In August of 1929, Arabs instigated violence in the Jerusalem area that spread to most of Palestine. The violence began in Jerusalem and soon spread to Hebron, Motza, and Safed, all old Jewish communities in Palestine that supposedly lived in harmony with their Arab neighbors, rather than Zionist settlements.

In Hebron, the Jewish community which had been there for hundreds of years, refused the help proffered by the Haganah underground when it seemed that Arab agitation was beginning. They trusted their neighbors.

The principle instigators were Haj Amin El Husseini and Aref el Aref. Aref el Aref, along with Husseini, had been responsible for previous riots. He had now been appointed district officer of the Beersheba district. Aref el Aref paid a visit to Hebron shortly before the riots and preached an inflammatory sermon on Thursday, August 22. Rumors were spread that the Jews had killed Arabs in Jerusalem, that the Jews had burned down the Al-Aqsa mosque (supposedly this was documented with a fake photo) or that the Jews were planning to build a synagogue near the wailing wall.

There are many indications that the Arabs, as well as the British had advance warning of the disturbances, yet the British did nothing to try to head them off. There was one British policeman in Hebron, Raymond Cafferata. He commanded a force of 18 mounted police and 15 on foot. Of these, all but one were Arabs. Eleven were over age  and there was but a single Jew among them.

Beginning about 3 PM on Friday, August 23, there was agitation in Hebron. People returning from prayers in Jerusalem were claiming that the Jews were killing Arabs there. Arabs began stoning the Hebron Yeshiva. An orthodox Yeshiva student tried to leave the Yeshiva building and was stabbed to death. Cafferata now managed to quiet things down for the present.

The riots began in earnest, however, on the morning of Saturday, August 24.  Arabs killed 64 to 67 Jews in Hebron and wounded many others.  Babies were beheaded. Old rabbis were castrated. There were incidents of rape, torture and mutilation. Hands and fingers were torn off bodies, apparently for jewelry.

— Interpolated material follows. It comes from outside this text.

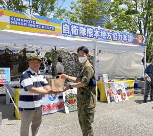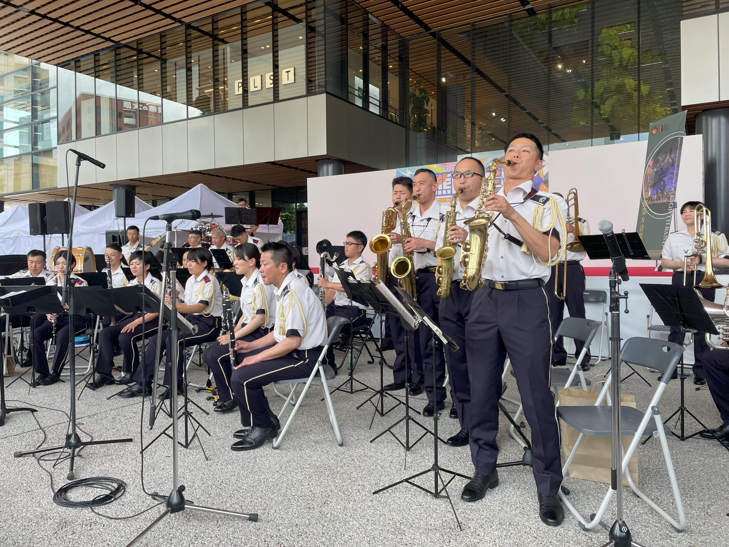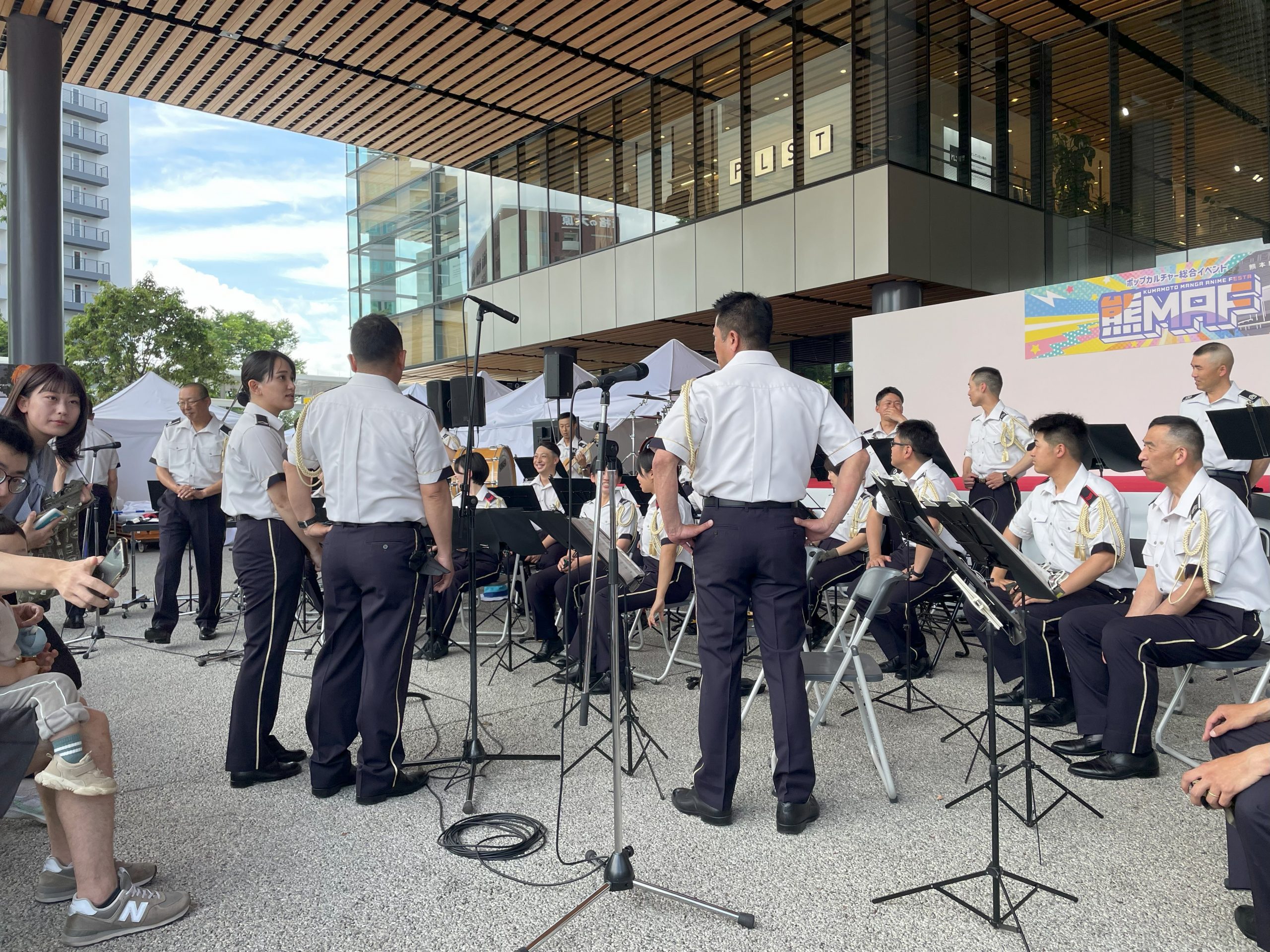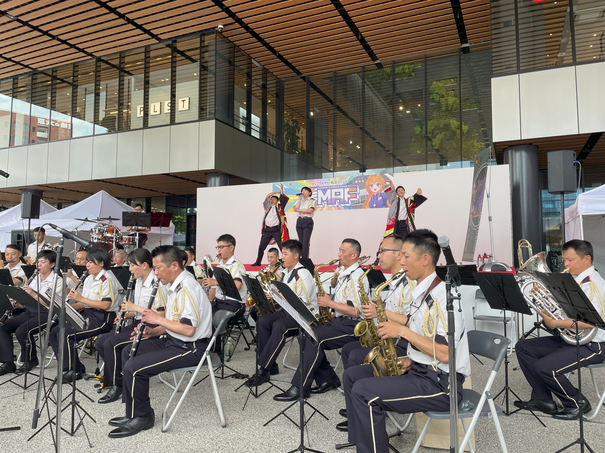 今日の目玉は第8音楽隊のコンサート。アニメソングだけで構成した40分ほどのプログラムでしたが、どれも聴き応え十分で、たちまち会場は溢れんばかりの人垣になりました。驚いたのは演奏だけでなく歌、ダンスのレベルの高さ。何事も全力で取り組む8音スピリッツを感じました。(熊本県会長:光永)

Cafferata and the Jewish policeman shot at the rioters and killed 8 of them. The Arab policemen fired in the air.  Cafferata called for reinforcements, but these arrived only about noon, five hours later. The British had a total of 292 police in Palestine and were busy dealing with disturbances elsewhere presumably. Cafferata, not a friend of the Jews, testified:

"On hearing screams in a room I went up a sort of tunnel passage and saw an Arab in the act of cutting off a child's head with a sword. He had already hit him and was having another cut, but on seeing me he tried to aim the stroke at me, but missed; he was practically on the muzzle of my rifle. I shot him low in the groin. Behind him was a Jewish woman smothered in blood with a man I recognized as a[n Arab] police constable named Issa Sherif from Jaffa in mufti. He was standing over the woman with a dagger in his hand. He saw me and bolted into a room close by and tried to shut me out-shouting in Arabic, "Your Honor, I am a policeman." ... I got into the room and shot him."
(Bernard Wasserstein, The British in Palestine: The Mandatory Government and the Arab-Jewish Conflict 1917-1929, Oxford England, Basil Blackwell, 1991)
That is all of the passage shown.